The dataset collected perception data under non-ideal conditions with a total mileage of over 400 kilometers, and over 10,000 frames of synchronized frames annotated for 3D object detection and tracking, used to evaluate the performance of existing perception algorithms on real non-ideal condition data.

The related research results were published under the title Dual Radar: A Multi-modal Dataset with Dual 4D Radar for Autonomous Driving in Scientific Data, a journal dedicated to publishing datasets with scientific value.

The environmental perception of autonomous driving systems is crucial for ensuring safety and reliability, but existing sensor technologies still face many challenges in complex and dynamic driving environments. 4D millimeter-wave radar has a higher point cloud density and precise vertical resolution compared to traditional 3D radar, making it promising for environmental perception in autonomous driving.
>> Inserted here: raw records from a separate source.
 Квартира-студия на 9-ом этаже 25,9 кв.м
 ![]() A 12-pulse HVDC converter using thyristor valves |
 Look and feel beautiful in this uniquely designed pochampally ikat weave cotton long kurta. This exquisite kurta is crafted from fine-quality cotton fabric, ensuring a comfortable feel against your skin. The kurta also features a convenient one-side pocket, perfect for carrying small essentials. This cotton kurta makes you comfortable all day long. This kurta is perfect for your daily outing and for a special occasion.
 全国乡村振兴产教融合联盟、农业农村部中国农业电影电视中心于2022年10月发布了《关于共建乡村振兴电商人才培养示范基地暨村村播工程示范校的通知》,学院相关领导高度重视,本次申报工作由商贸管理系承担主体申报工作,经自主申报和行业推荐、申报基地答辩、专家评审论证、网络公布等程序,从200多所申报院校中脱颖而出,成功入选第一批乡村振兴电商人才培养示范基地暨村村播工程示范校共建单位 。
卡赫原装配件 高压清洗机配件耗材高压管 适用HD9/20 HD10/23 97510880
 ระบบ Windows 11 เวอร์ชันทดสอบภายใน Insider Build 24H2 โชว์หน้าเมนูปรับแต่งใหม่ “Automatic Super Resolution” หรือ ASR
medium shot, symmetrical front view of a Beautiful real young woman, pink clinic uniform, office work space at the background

Currently, there is a lack of comparative analysis on different point cloud densities and noise levels of 4D millimeter-wave radar in the field of autonomous driving. Existing datasets are based on a single type of 4D millimeter-wave radar, making it difficult to balance long-range point cloud data and wide-field point cloud data in the same scene, thus preventing a direct comparison of point cloud densities and noise levels.
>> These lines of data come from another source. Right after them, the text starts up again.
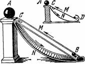 Сильный магнит А помещается на колонке(рис. 99). К ней прислонены два наклонных желоба М и N, один под другим, причем верхний М имеет небольшое отверстие С в верхней части, а нижний N изогнут. Если, - рассуждал изобретатель, - на верхний желоб положить небольшой железный шарик В, то вследствие притяжения магнитом А шарик покатится вверх; однако, дойдя до отверстия, он провалится в нижний желоб N, покатится по нему вниз, взбежит по закруглению D этого желоба и попадет на верхний желоб М; отсюда, притягиваемый магнитом, он снова покатится вверх, снова провалится через отверстие, вновь покатится вниз и опять очутится на верхнем желобе, чтобы начать движение сначала. Таким образом, шарик безостановочно будет бегать взад и вперед, осуществляя <вечное движение>.
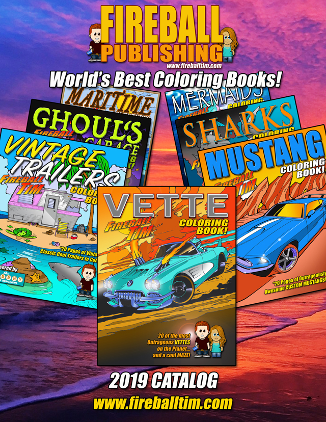 New Years is going to start out with a bang here at Fireball Publishing. Fireball starts the new SURF WOODIE Coloring Book which will be coming out February 1st, he’s got a meeting on Thursday with LIMITED RUNS and the SHELBY CRUISE-IN at the Petersen Museum on Sunday.
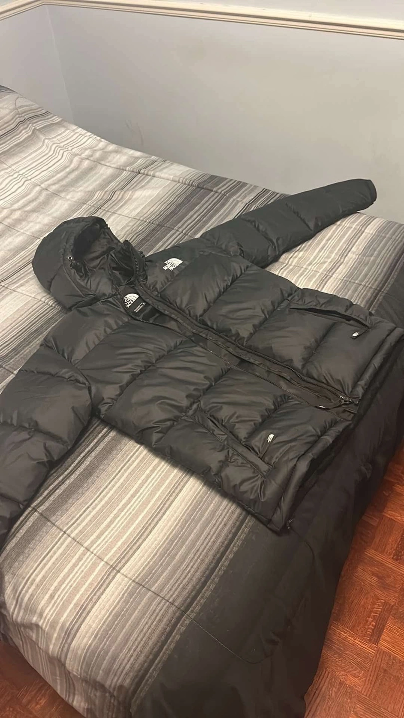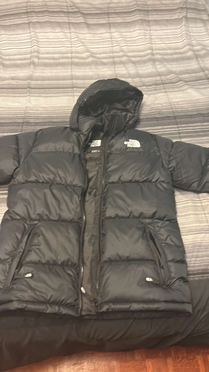 126Men's black puffer jacket. Long sleeves, hood. Zipper closure. Two front pockets. Excellent condition.
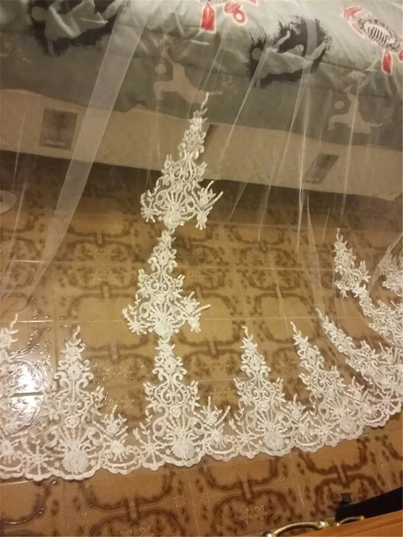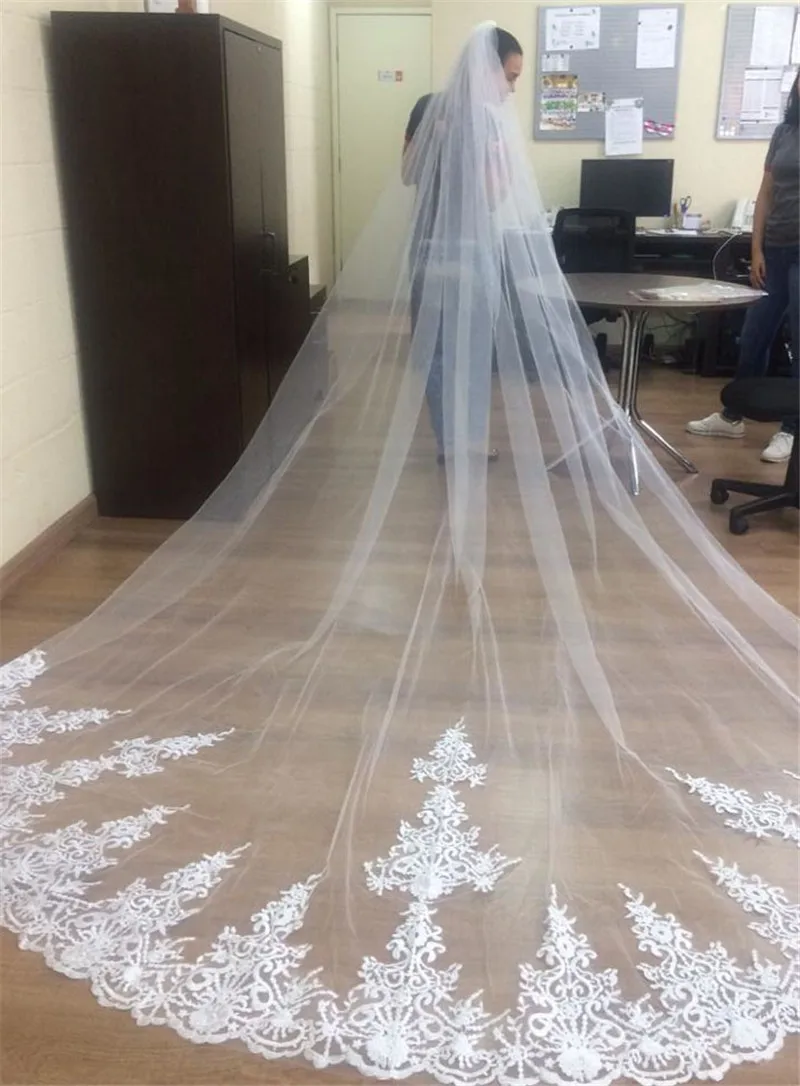 4 метра белыйслоновая кость один слой Красивая Соборная длина кружевная кромка свадебная вуаль с гребнем Длинная свадебная вуаль
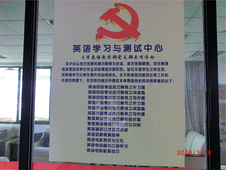 该立项活动时间为单周周一下午15:00至16:00 , 双周周二上午10:00至11:00,地点设在经管大楼六楼教师休息室,即英语学习与测试中心。该中心辅导内容包括大学英语四六级听、说、读、写技巧指导,雅思英语考试技巧指导,英语演讲口才技巧点拨,英语话剧表演指导,英语电影及电视剧赏析与口语学习指导,英语电影配音技巧指导等多项技巧指导。

To address this issue, the research team proposed a new dataset, Dual Radar, which integrates analysis of radar data with significantly different performance in long-range and wide-field capabilities by introducing two types of 4D radars with distinct characteristics. This advancement aims to propel the development of environmental perception technologies for autonomous driving in adverse weather conditions and complex lighting scenarios.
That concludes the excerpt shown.